That in the world by which one is a perceiver of the world, a conceiver of the world—this is called the world in the Noble One’s Discipline. And what, friends, is that in the world by which one is a perceiver of the world, a conceiver of the world? The eye is that in the world by which one is a perceiver of the world, a conceiver of the world . The ear … The nose … The tongue … The body … The mind is that in the world by which one is a perceiver of the world, a conceiver of the world. That in the world by which one is a perceiver of the world, a conceiver of the world—this is called the world in the Noble One’s Discipline.

"Insofar as it disintegrates, monk, it is called the 'world.' Now what disintegrates? The eye disintegrates. Forms disintegrate. Consciousness at the eye disintegrates. Contact at the eye disintegrates. And whatever there is that arises in dependence on contact at the eye — experienced as pleasure, pain or neither-pleasure-nor-pain — that too disintegrates.

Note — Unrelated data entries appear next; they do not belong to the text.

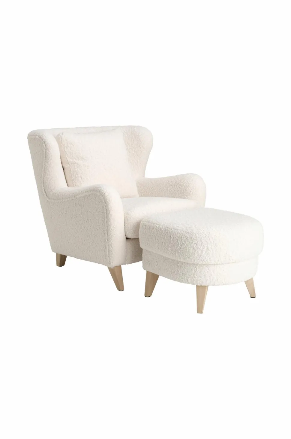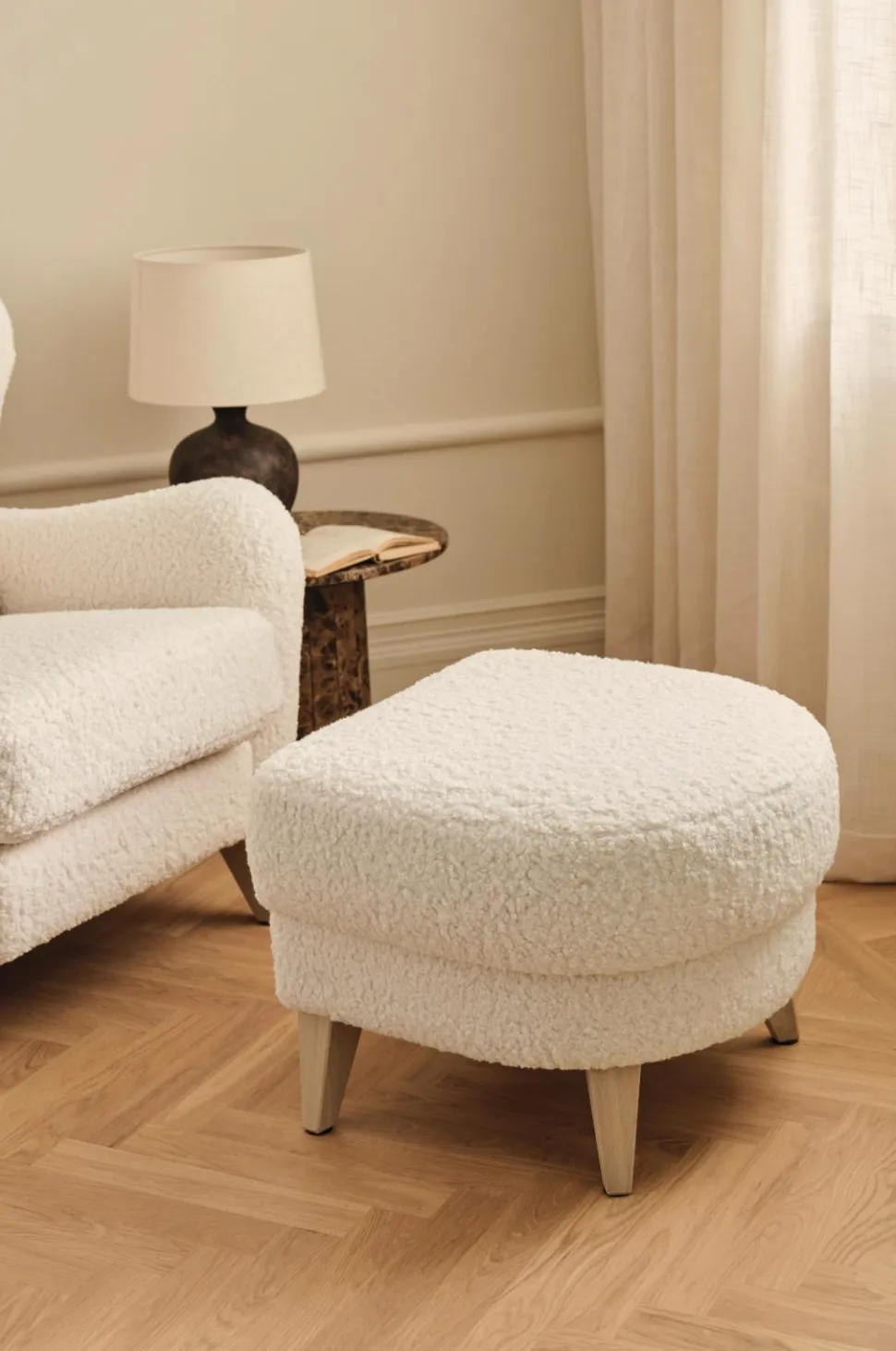 Ontario-serien har en blød, afrundet form med fokus på komfort og holdbarhed. Møblerne er betrukket med imiteret fåreskind med en Martindale på 40.000. Generøse dimensioner og blød polstring giver behagelig støtte, når man sidder ned i længere tid. Naturfarvede egetræsben tilføjer et subtilt strejf af skandinavisk design. Serien består af en lænestol og en matchende fodskammel.
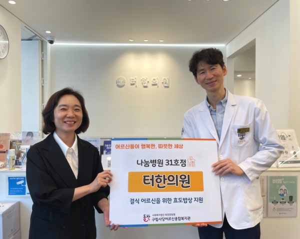 [광성일보] 사회복지법인 따뜻한동행 사당어르신종합복지관(관장 조희정)은 6월 25일(수), 터한의원 사당점(대표원장 곽봉석)과 함께 나눔병원 후원 전달식을 진행했다.사당어르신종합복지관의 나눔병원은 결식 어르신이 없는 따뜻한 세상을 만들기 위해 정기적으로 후원에 동참하는 의료기관이다.
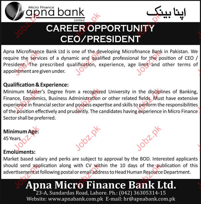 Apply as per details in job advertisement. Login to view further details of how to apply via https://www.jobz.pk online.
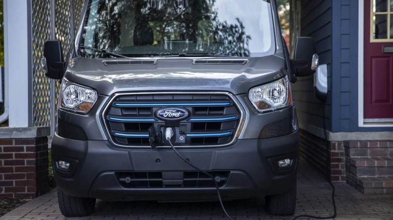 Meanwhile, some of the most popular features we're seeing on the hybrid F-150 will be transitioning over to the E-Transit, too. Most notably, the Pro Power Onboard option will allow the electric van's batteries to be used as a mobile generator, outputting up to 2.4 kilowatts for use on job sites or similar.
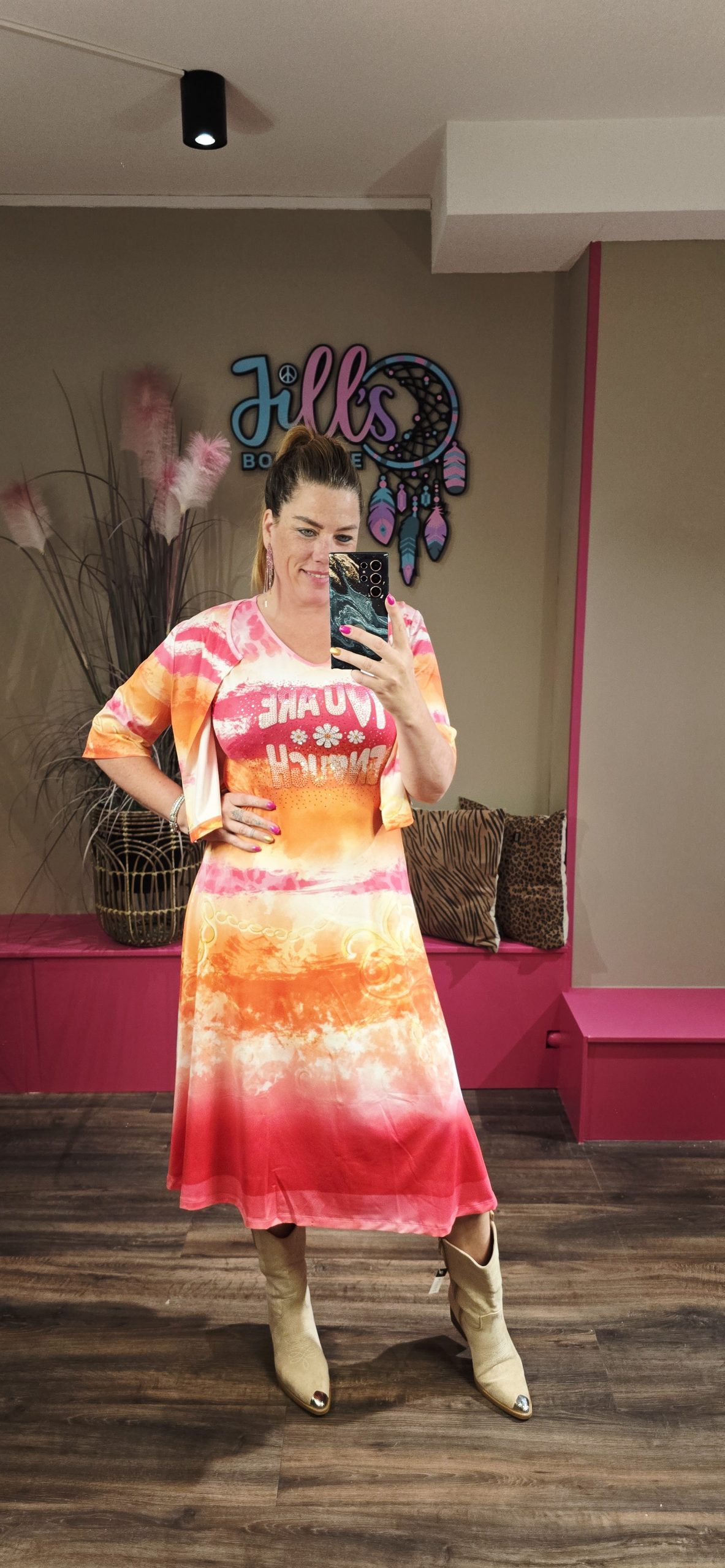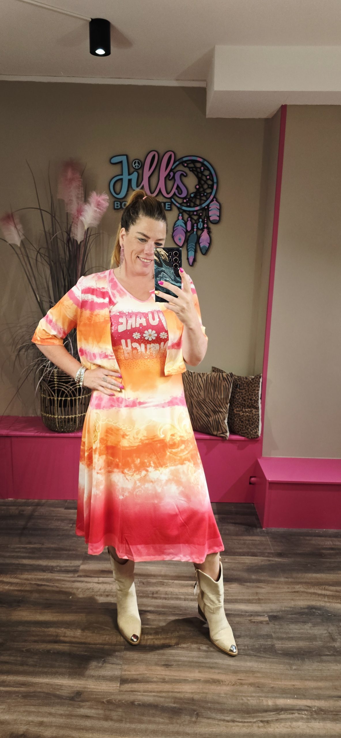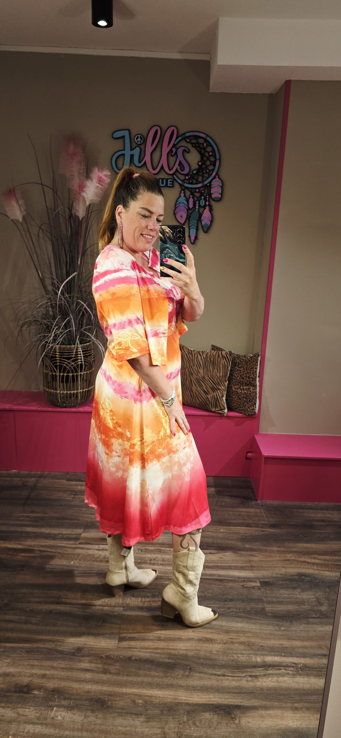 Van een prachtige travel stof gemaakt, de jurken vallen wat ruimer uit.

"The ear disintegrates. Sounds disintegrate… "The nose disintegrates. Aromas disintegrate… The tongue disintegrates. Tastes disintegrate… "The body disintegrates. Tactile sensations disintegrate... "The intellect disintegrates. Ideas disintegrate. Consciousness at the intellect consciousness disintegrates.

Contact at the intellect disintegrates.

And whatever there is that arises in dependence on contact at the intellect — experienced as pleasure, pain or neither-pleasure-nor-pain — that too disintegrates.

"Insofar as it disintegrates, it is called the 'world.'"

For example take 'contact'. 'Contact' is a word and it's meaning is a demonstrably inferrable element grasped as the idea of contact.

It is inferrable by smart people who can agree that seeing exists if the eye exist.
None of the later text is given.